Phishing attacks continue to be one of the major cybersecurity threats, where attackers use malicious URLs to deceive users and steal sensitive information. Most existing phishing detection systems rely on centralized data collection and traditional machine learning approaches, which raise serious privacy concerns and fail to effectively detect newly emerging or zero-day phishing URLs.
This paper proposes a privacy-preserving phishing URL detection framework based on Federated Learning and Transformer models. The proposed approach enables collaborative training of detection models across multiple client devices without sharing raw user data. A Transformer-based deep learning model is used to automatically learn complex URL patterns and contextual dependencies. The system classifies URLs as legitimate, phishing, or potential zero-day phishing based on prediction confidence. A web-based interface is developed to provide real- time URL classification. The experimental design shows that combining federated learning with transformer models significantly improves detection performance while ensuring data privacy and scalability.
Introduction
Key features of PhishGuard:
Transformer Encoder for Character-Level URL Classification: Treats each character in a URL as a token, capturing subtle manipulations like look-alike characters, hyphens, and misspellings. Multi-head self-attention layers extract long-range dependencies, producing rich contextual representations.
Federated Learning (FedAvg): Multiple distributed clients train the global Transformer model collaboratively by sharing gradients instead of raw data, preserving privacy while leveraging diverse URL datasets.

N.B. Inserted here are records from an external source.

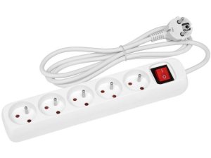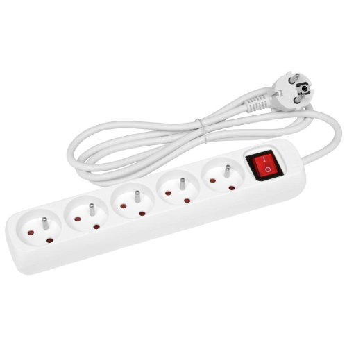 délka: 1,5 m počet zásuvek: 5 vypínač: ano barva: bílá napětí / proud: 250 V / 10 A max. typ izolace: PVC krytí: IP20 max. zátěž: 2500 W certifikace: CE, ROHs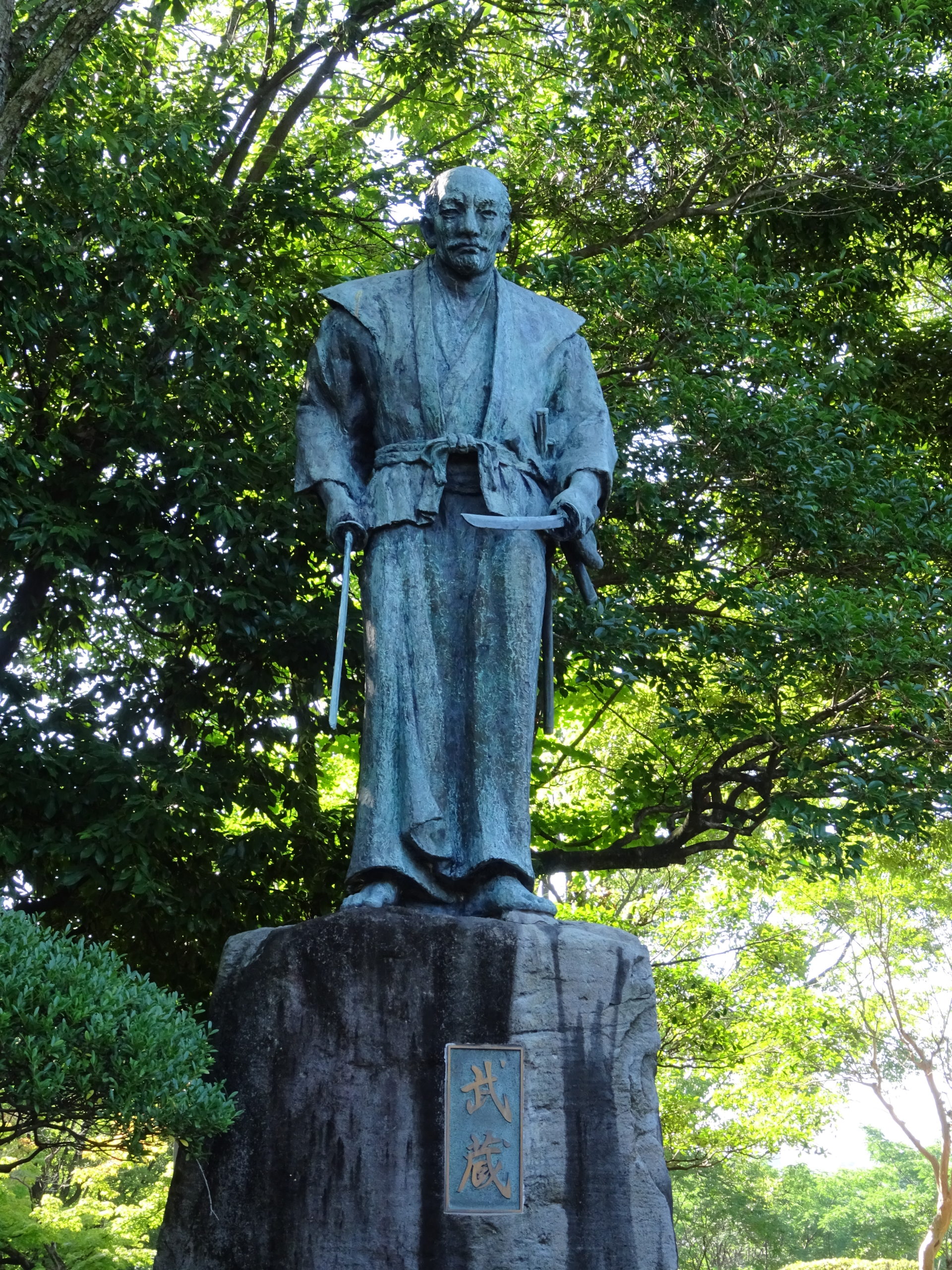 Au centre du parc se trouve une haute sculpture juchée sur un socle d’un mètre environ, qui représente un homme imposant en kimono, un sabre dans chaque main, au regard sévère et perçant : figure immortelle de la puissance à l’état brut. La statue en bronze s’appuie sur l’autoportrait effectué par Musashi à la fin de sa vie, qui est actuellement conservé au musée Shimada (Kumamoto). Il est amusant de constater que cette image a également inspiré Takehiko INOUE (1967), auteur du célèbre manga Vagabond pour dessiner non pas Musashi mais son père, Munisai SHINMEN. Tout autour de la statue sont placés des panneaux explicatifs qui retracent son histoire et indiquent les autres lieux à visiter dans le département pour marcher dans ses pas.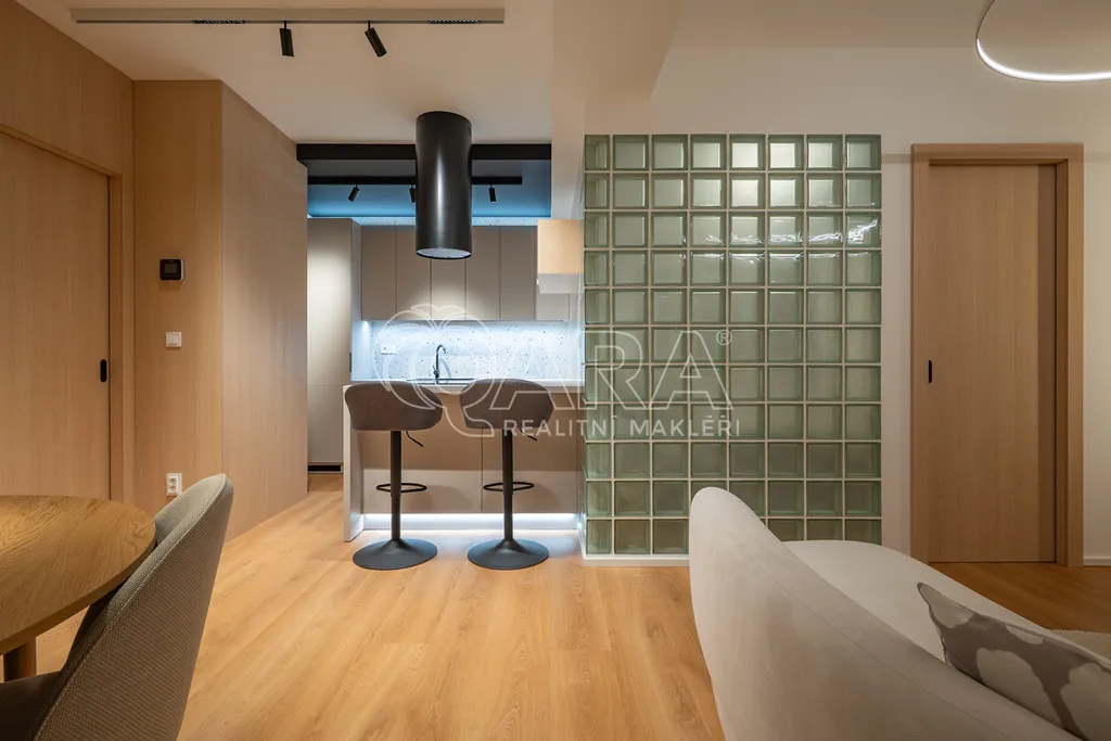 Kuchyňská linka je vyrobena na míru a vybavena všemi potřebnými spotřebiči – elektrickou troubou, indukční varnou deskou, digestoří, myčkou a lednicí. Součástí kuchyně je i barový pult s barovými židlemi, který plynule navazuje na obývací část. Obývací pokoj je zařízen sedací soupravou, kobercem, jídelním stolem se židlemi a obývací stěnou s integrovaným LED osvětlením. To vše doplněno o stylové luxfery.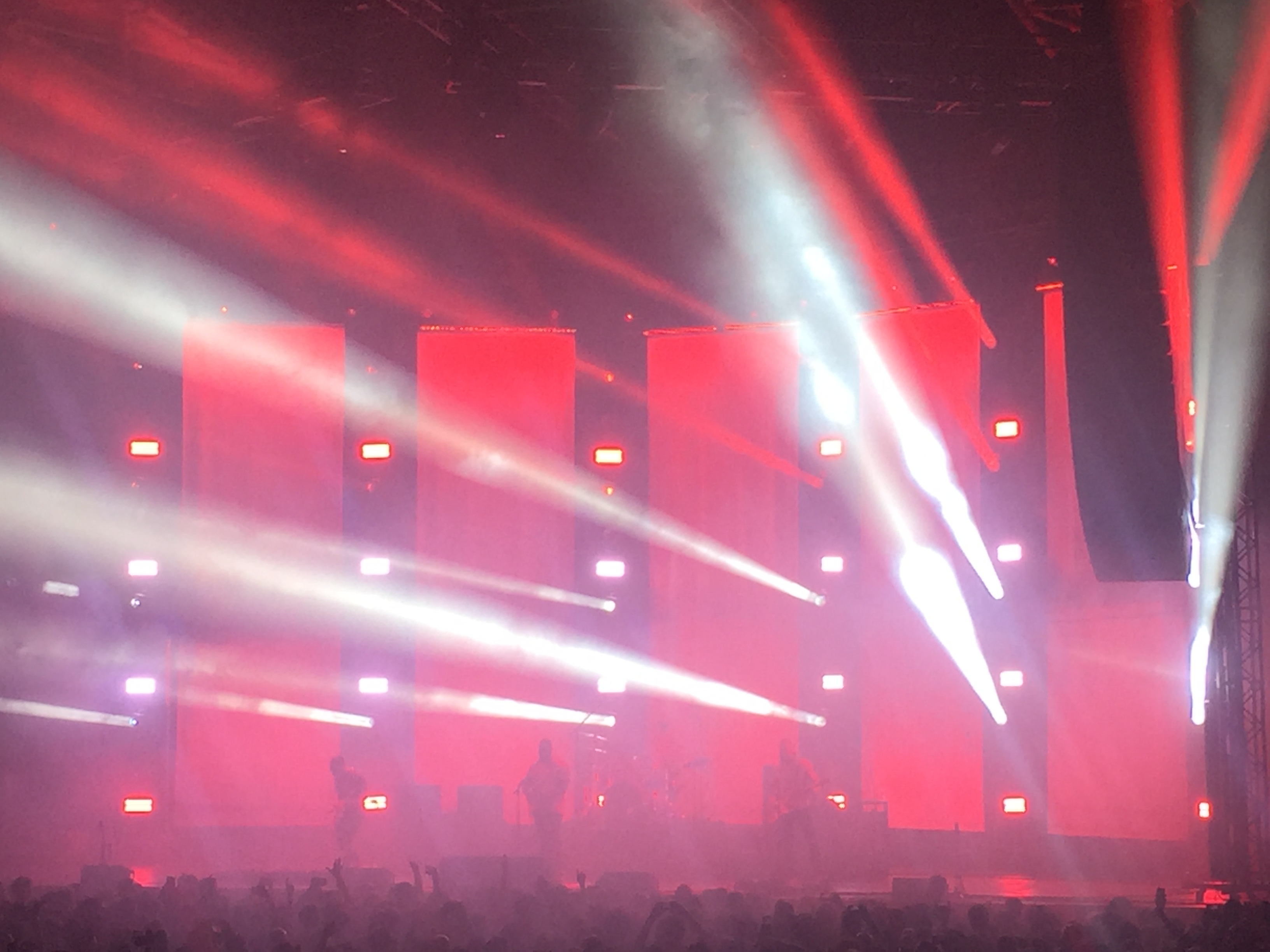 Et pour le coup on était mal placé car la déco de scène n’était pas du tout adaptée pour les places en haut et loin ! Il y a avait une boite géante qui recouvrait la scène puis était au dessus servant d’éclairage par moment… Mais elle nous cachait les 2/3 de l’écran géant… 😦

Three-Class Threat Taxonomy: URLs are classified as Safe, Phishing, or Zero-Day Alert, providing actionable insights and risk gradation rather than a simple binary decision.
System Architecture: Modular design with a React.js frontend for URL submission and threat visualization, FastAPI backend for preprocessing and API management, a Transformer inference engine, and a Federated Learning coordination layer for collaborative training.
Workflow: Character-level tokenization, Transformer inference with softmax probability outputs, heuristic augmentation for human-readable threat indicators, and color-coded verdict presentation.
Summary: PhishGuard effectively addresses the challenges of detecting evolving phishing URLs while maintaining privacy. It generalizes to novel threats, produces confidence-weighted three-class outputs, and integrates a scalable architecture combining state-of-the-art Transformer models with Federated Learning.
Conclusion
This paper presented PhishGuard, a phishing URL detection system that combines Transformer-based deep learning with Federated Learning to deliver privacy-preserving, high-accuracy, real-time threat classification. The system classifies URLs into three categories — Safe, Phishing, and Zero-Day Alert — providing actionable risk gradations that binary classifiers cannot offer. Experimental results demonstrate that PhishGuard achieves 97.6% accuracy on a three-class benchmark, outperforming centralized and classical baselines while preserving data privacy through the Federated Averaging protocol. The system is deployed as a full-stack web application with a FastAPI backend and a React.js frontend, enabling real-time URL analysis with confidence scores and human-readable threat indicators.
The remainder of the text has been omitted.